— Даже я знаю, — фыркнул Историк, — что маркетолог с ведрами урана — это к радионуклидной кашке для похудения и плутониевым браслетикам от давления.
Николай затих, отогревшись, и только снежинки все падали на окно комнаты, где будущий император, запрятавшись по уши в одеяло, мирно спал сном праведника.
— Сука, сукасукаска, — бесился Историк. — Ну что теперь, делать будем? Нас ждет вечеринка с морфиновым сиропчиком: фреш, кошмар и соплемия.
Николай растянулся в кровати, сипя и покашливая, а вокруг него с озабоченными лицами собрался консилиум из Марии Фёдоровны, её фрейлин, Чукувера и второго камердинера царевича Шалберова.
— Аааа, — сказал Николай, а Чукувер концом серебряной ложечки придержал его язык и сосредоточенно всмотрелся в открывшуюся перспективу. Устрашающе массивный градусник, вынутый местным фельдшером из блестяще белого тубуса, уже холодил подмышку царевича.
— Эти варвары могли и шоколад с радием прописать, как бывало в начале двадцатого века, — проворчал Химик — так, что на «вечеринке» твои сопли еще бы и светились.
К счастью, Мария Фёдоровна быстро разобралась в ситуации. К Карлу Раухфусу был немедленно отправлена фрейлина с приказом прибыть в дворец как можно скорее. Чукувер, блеявший про порошки и сиропчики с большим потенциалом, с облегчением свинтил вместе с Шалберовым за ударной дозой чая с малиной и шиповником.
— Ники, — сказала Мария Фёдоровна, причем у неё вдруг прорезался небольшой акцент, — стоила ли изображать плотника зимой ради такого результата?
Она положила свою прохладную ладошку на его горячий лоб и с тревогой всмотрелась ему в лицо.
— Это обычная простуда, моа (мама дат.) — бодрился Николая, — завтра уже пройдет.

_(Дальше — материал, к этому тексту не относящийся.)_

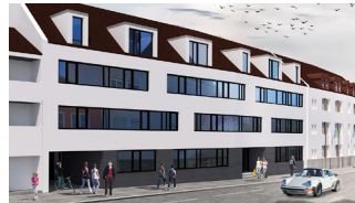
Rathausumbau / Digitalisierung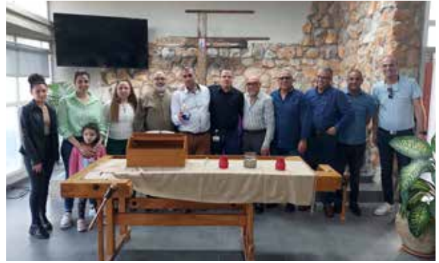
توزيع النور المقدس لمستشفى الناصرة

— А кто такой Карл Раухфус? — поинтересовался Химик.
— Главный детский врач империи, — ответил Историк. — вскрыл десять тысяч детских трупов как прозектор за время работы в детдоме и написал несколько выдающихся работ по порокам сердца и воспалениям.

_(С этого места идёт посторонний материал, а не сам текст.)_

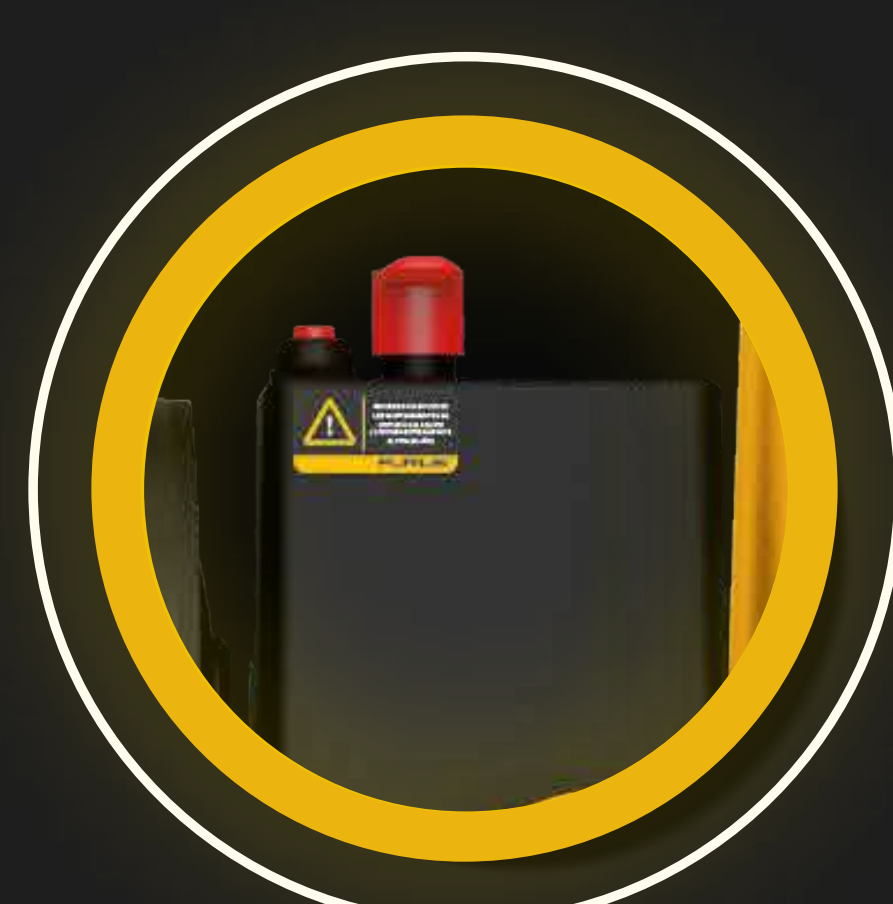
INTERRUPTOR DE PRESIÓN

— Если бы я мог — меня вырвало, — пожаловался Химик, — некоторые вещи лучше не знать.
— Тут из тысячи младенцев, — сказал Историк, — до пятнадцати лет доживают триста восемьдесят восемь. Раухфус, тот крутой мужик, что все свои дни бился за детские жизни. Маленький, щупленький гигант духа с ранней залысиной, бакенбардами и горькой складкой у губ. Его зазывали в Германию, но он отказался. Личный детский врач Николая. Хотя могли и Боткина вызвать, но он еще не приехал с войны.
— Какая это простуда, — выговорила Мария Фёдоровна, — решит Карл Андреевич, когда приедет. Лежишь, никуда не встаешь и слушаешь Чукувера.
И она погрозила изящным пальчиком с простым обручальным кольцом с небольшим алмазом, но очень богатой историей. Жемчужный браслет в три нитки, с сапфиром в 260 карат, окантованный двойной рядом алмазов, угрожающе затрясся на её руке.
— Как скажешь, матушка, я твой послушный сын, — прохрипел Николай и оглушительно чихнул. — а ребята могут ко мне прийти?
— Это ты спросишь у Карла Андреевича, — делегировала выбор врачу Мария Фёдоровна, — я навещу тебя в обед.
Она ушла, оставив Николая на растерзание камердинера и фельдшера. Чукувер притащил второе одеяло и укутал царевича поплотнее. Николай Филиппович принес в кружке горячущую смесь кипятка, шиповника и малины. Николай, схватив крухан, немедленно оттопырил большой палец, изобразив Терминатора, который выпивает жидкий раствор металла вместо погружения в него.
— Ту-ду-ду-у-у, ту-ду-ду, — подбасил для идентичности Химик, — но Ники же не умрет? Вроде кости не ломит, слабости что бы прямо руку не поднять — нет. Значит просто простуда. От неё люди не умирают, если нет побочных заболеваний.